Paramount Media Networks (founded as MTV Networks in 1984 and known under this name until 2011) is an American mass media division of Paramount Global that oversees the operations of many of its television channels and online brands. Its related international division is Paramount International Networks.

The division's original namesake, MTV, is managed through a subsidiary called MTV Entertainment Group.

History

Pre-launch: Warner Communications joint venture (1977–1984) 
Warner Cable Communications was founded on December 1, 1977, by Warner Cable, itself a division of Warner Communications, to launch QUBE, an interactive cable television network.

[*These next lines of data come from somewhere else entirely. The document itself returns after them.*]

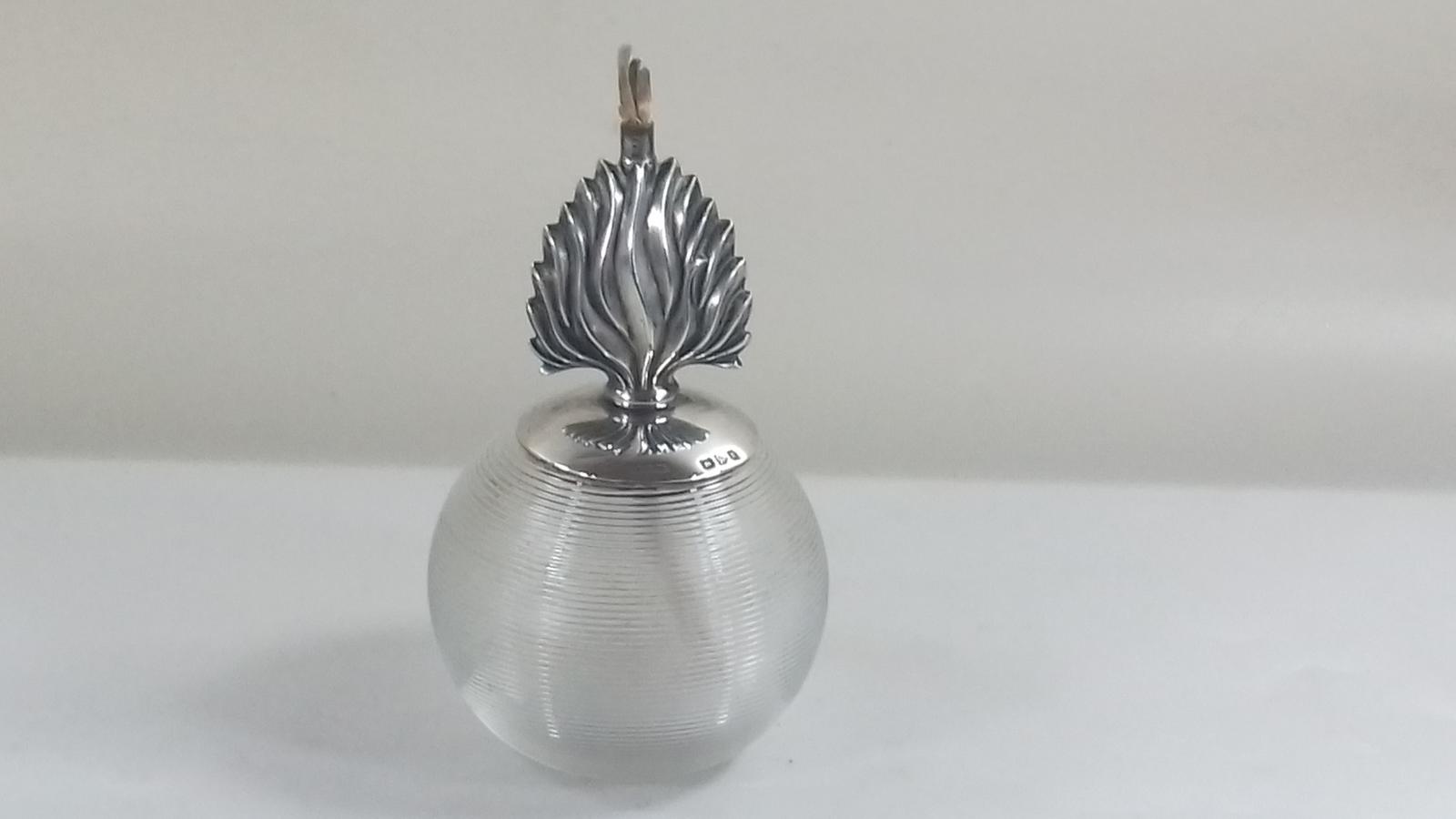 Very Rare Antique Sterling Silver Ribbed Glass Grenadier Match Striker Taper Light c.1900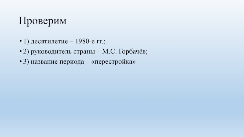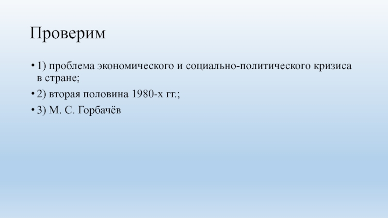 «XIX Всесоюзная партийная конференция... констатирует: выработанный партией на апрельском Пленуме ЦК и XXVII съезде партии стратегический курс на всестороннее и революционное обновление советского общества и ускорение его социально-экономического развития неуклонно претворяется в жизнь. Приостановлено сползание страны к экономическому и социально-политическому кризису...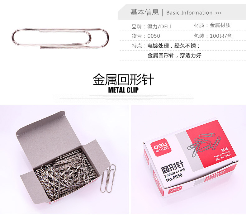 加長得力大號回形針0050加厚50mm 5cm鍍鎳辦公回型針曲別針100枚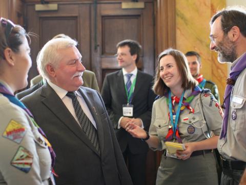 Hylands Park, Chelmsford, Royaume-Uni – 3 août 2007 – L’ancien president de la Pologne, Lech Walesa, a passé 2 jours à visiter le Jamboree mondial scout. Entouré de members du contingent polonais, il a fait le tour du site pour voir plusieurs des...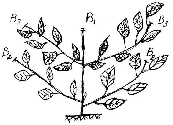 На 3-м или 4-м настоящем листом в конце плети первого порядка прищипываем. А затем производим прищипывание на плетях второго (над 5-м листом) и третьего порядка (над 7-м листом).на контрольной делянки прищипку не производим.

Seeing the potential in the creation of new cable networks, Warner Cable divested QUBE's biggest brands, Star Channel, Pinwheel and Sight on Sound, into nationwide outlets. Star Channel began by satellite in January 1979 and was renamed The Movie Channel by the end of the year. The original Channel C-3, by then known as Pinwheel, became Nickelodeon in April 1979. As a result of these actions, Warner Cable Communications would then be rebranded as Warner-Amex Satellite Entertainment, becoming a joint venture between Warner Cable and American Express.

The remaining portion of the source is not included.